Scritto da Lorenzo Bertoni

Non è facile pensare di scrivere qualcosa su un’esperienza che ancora si sta vivendo. Riuscire a coniugare la voglia di fare e “spaccare il mondo” alla necessità di  fermarsi a riflettere, è n’operazione molto complessa. Per questo motivo ho scelto di parlare proprio della capacità di fermarsi. Forse perché è un mio limite caratteriale anche nella quotidianità e a maggior ragione lo sento ancora di più mio, ora che sono lontano da quella routin che tanto mi protegge. E’ bello prendersi dei momenti tutti per sé ma allo stesso tempo è difficile mettere in pratica questo proposito. Dei momenti per riflettere sul senso profondo e sul significato di quello che si sta facendo, facendosi comunque coinvolgere ma non assorbire dalla frenesia delle giornate che scorrono tanto veloci quanto cariche di emozioni sempre diverse.

Fermarsi per comprendere che quei volti che in questi giorni incrociamo sulla nostra strada, a piedi o a bordo di una macchina coi vetri oscurati: tutti hanno una storia da raccontare che non può essere banalizzata ma nemmeno compresa fino in fondo. Fermarsi per comprendere che il destino di molti ragazzi, se non ci fosse questa grande CASA immersa nella giungla, sarebbe quello di entrare in una banda o quello di raccattare spazzatura per poche Lempiras e potersi drogare di nuovo.

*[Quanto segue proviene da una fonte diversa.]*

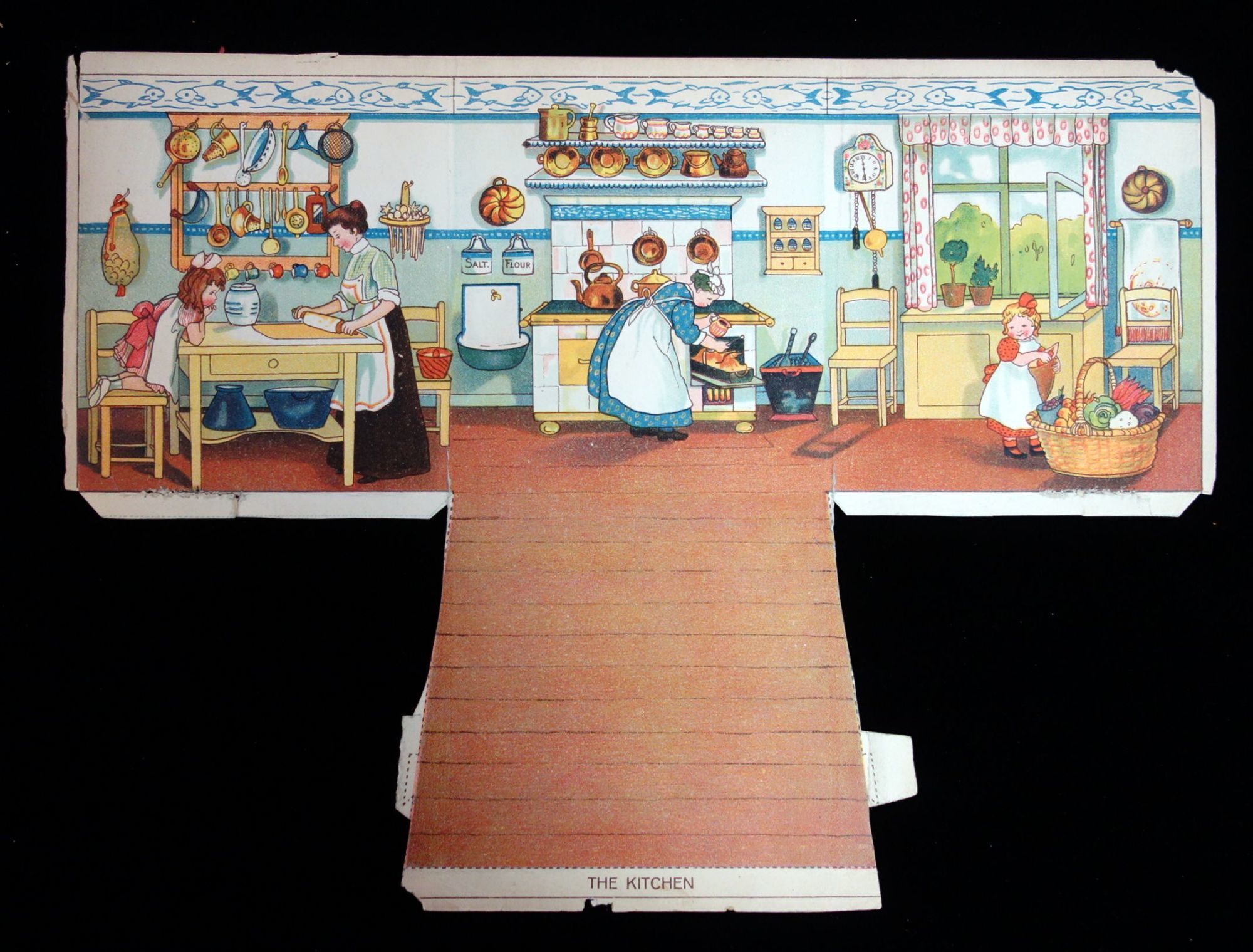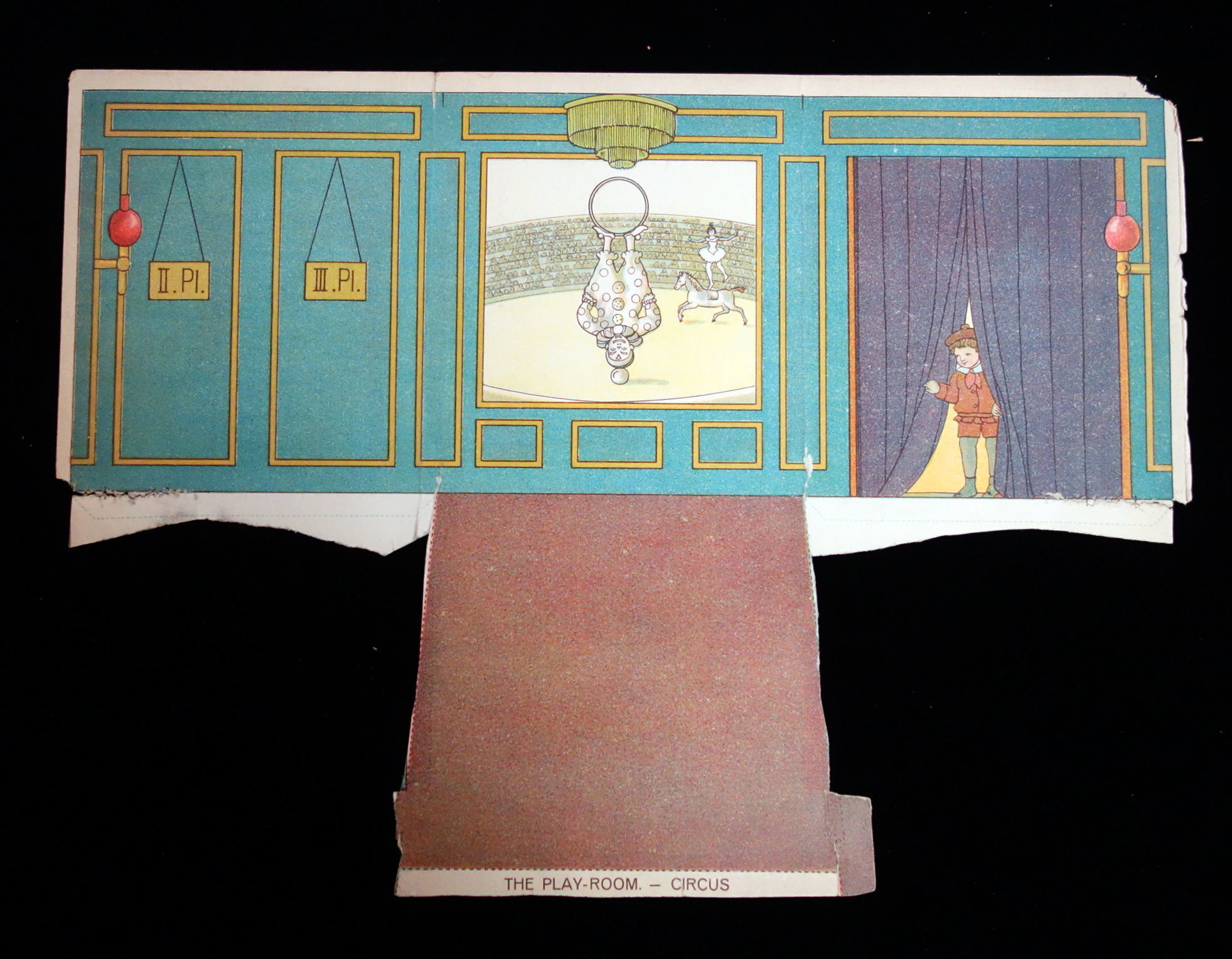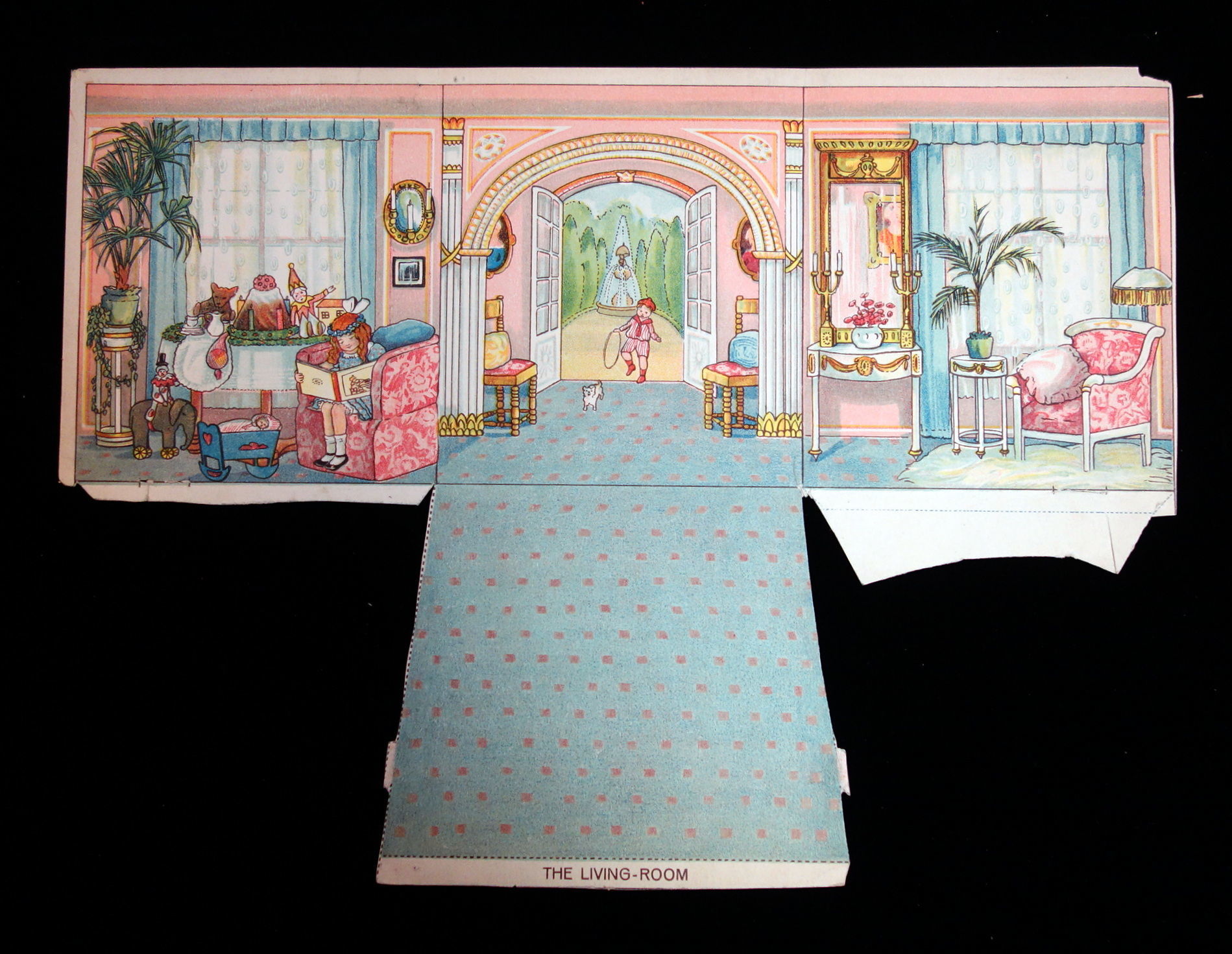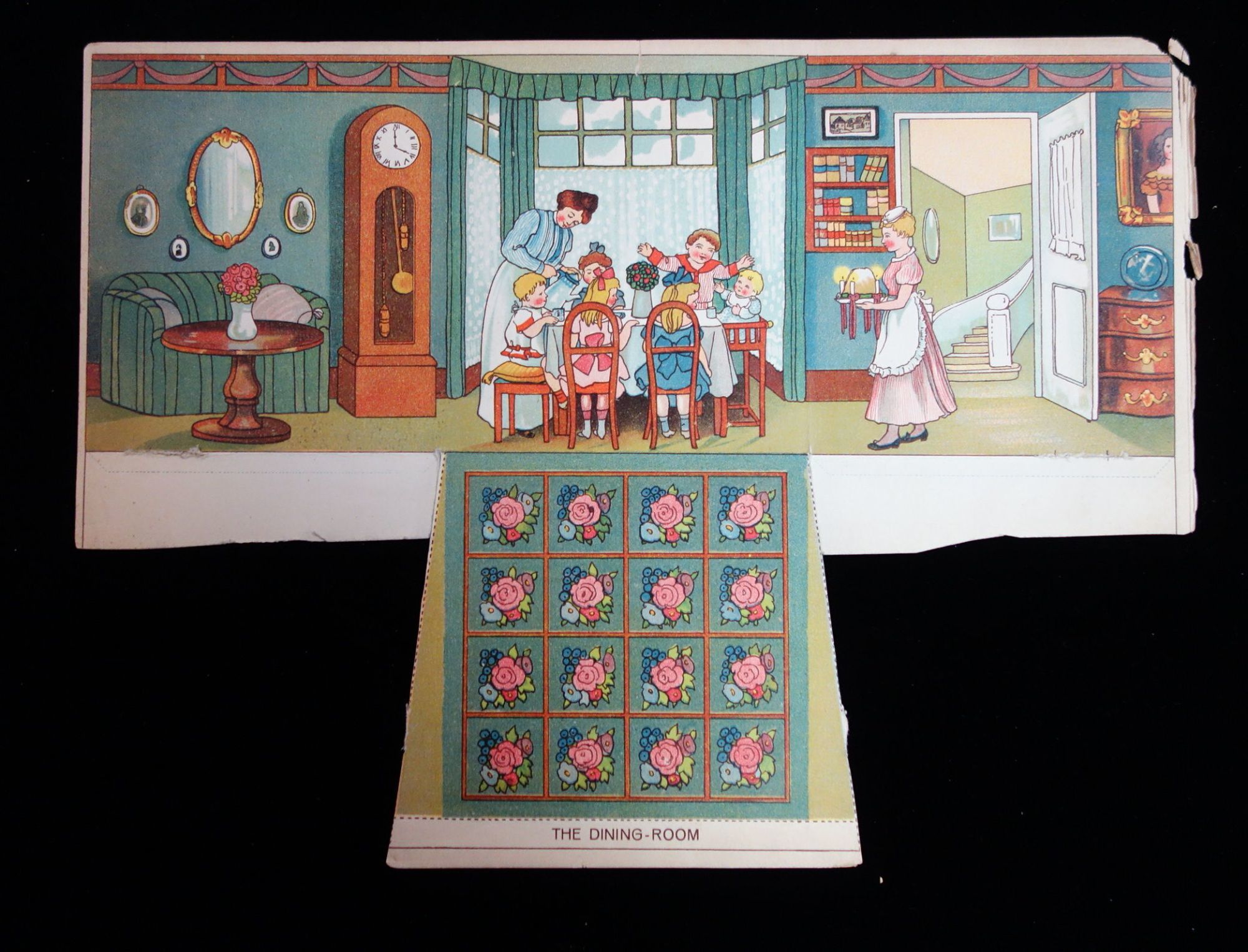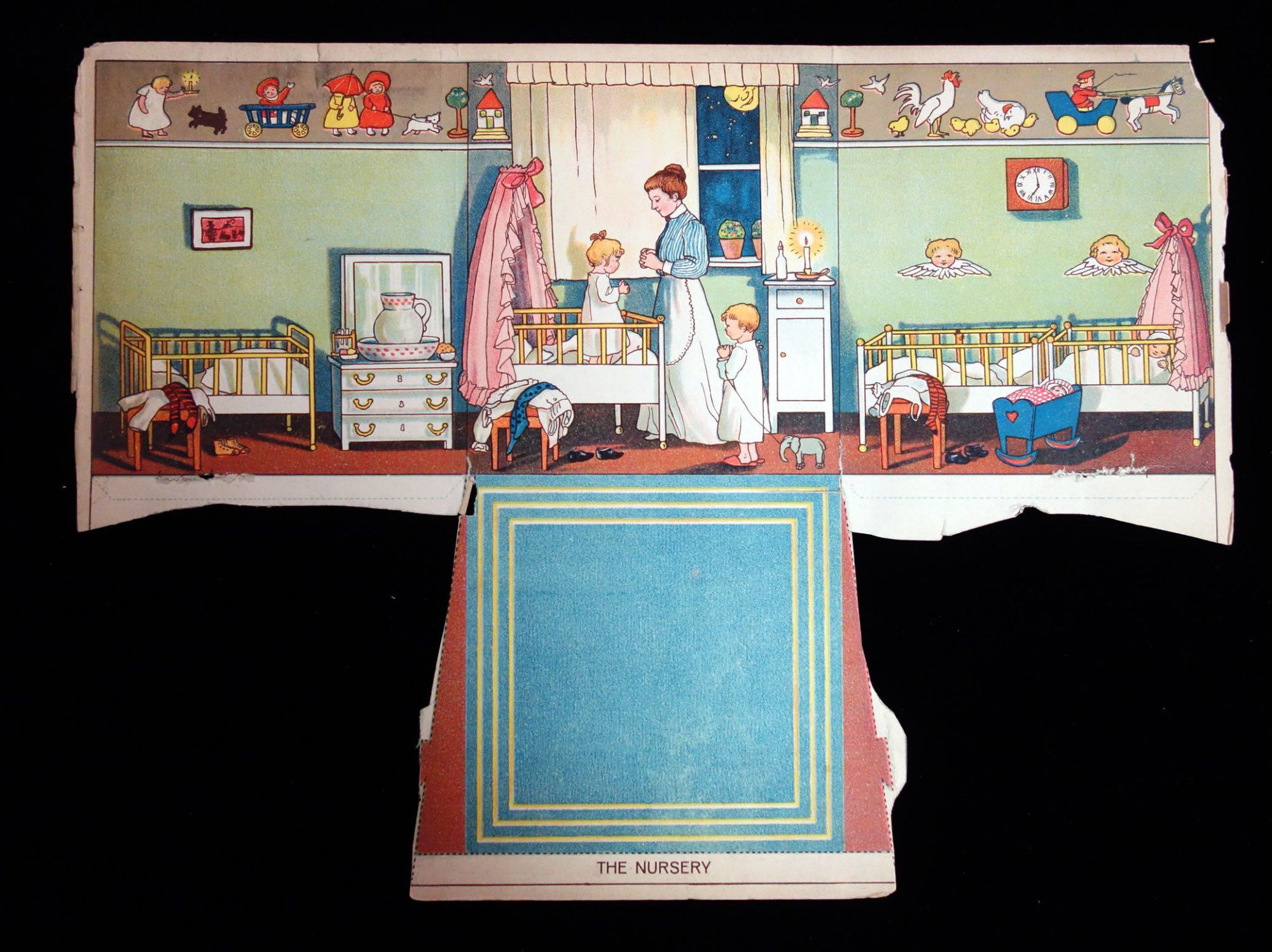 Measures 13" x 10" Heavy edge wear. The covers themselves are soiled and partially detached and the back cover has a section that is fully detached. The interior pages are fully detached, and the direction sheet is toned and brittle due to age. The rooms themselves have some edge wear and are tone, and cut out. There are crease marks where they were folded in order to make them stand, and in some cases there are slight tears along these folds.

Fermarsi per giungere alla conclusione, e questa forse è la cosa che fa più male, che moltissima gente che vedremo anche solo di sfuggita è destinata a vivere in una condizione di precarietà per il resto dell’esistenza e capire questo fa veramente male. Fermarsi, per capire che quello che ci stiamo accingendo a fare, non è semplicemente consentire di passare un paio d’ore in allegria ad un gruppo di bambini, ma è dare una speranza a chi è invisibile agli occhi del mondo, consapevoli che con impegno e amore, ogni barriera e ogni pregiudizio possono essere abbattuti. Basta guardare il mondo con gli occhi di un bambino che non comprende fino in fondo chi si trova davanti ma ha solo voglia di ridere e conoscere. Fermarsi, per capire che questo popolo nonostante la miseria, la violenza e le enormi disuguaglianze sociali continua a mantenere uno spirito di accoglienza e una propensione all’allegria difficilmente spiegabile non solo a voi ma anche a me stesso. Fermarsi per pensare che molte delle cose a cui si dava importanza, in fondo, non ne hanno così tanta e che troppo spesso ci si rifugia in porti sicuri e luoghi comuni per paura di sbagliare.

Fermarsi per capire che questo mese potrebbe cambiarci dentro, anche se questo può fare paura. Fermarsi per capire che solo fermandoci, potremmo capire fino in fondo il senso del viaggio e dell’azione educativa. Capire per fermarsi, fermarsi per capire!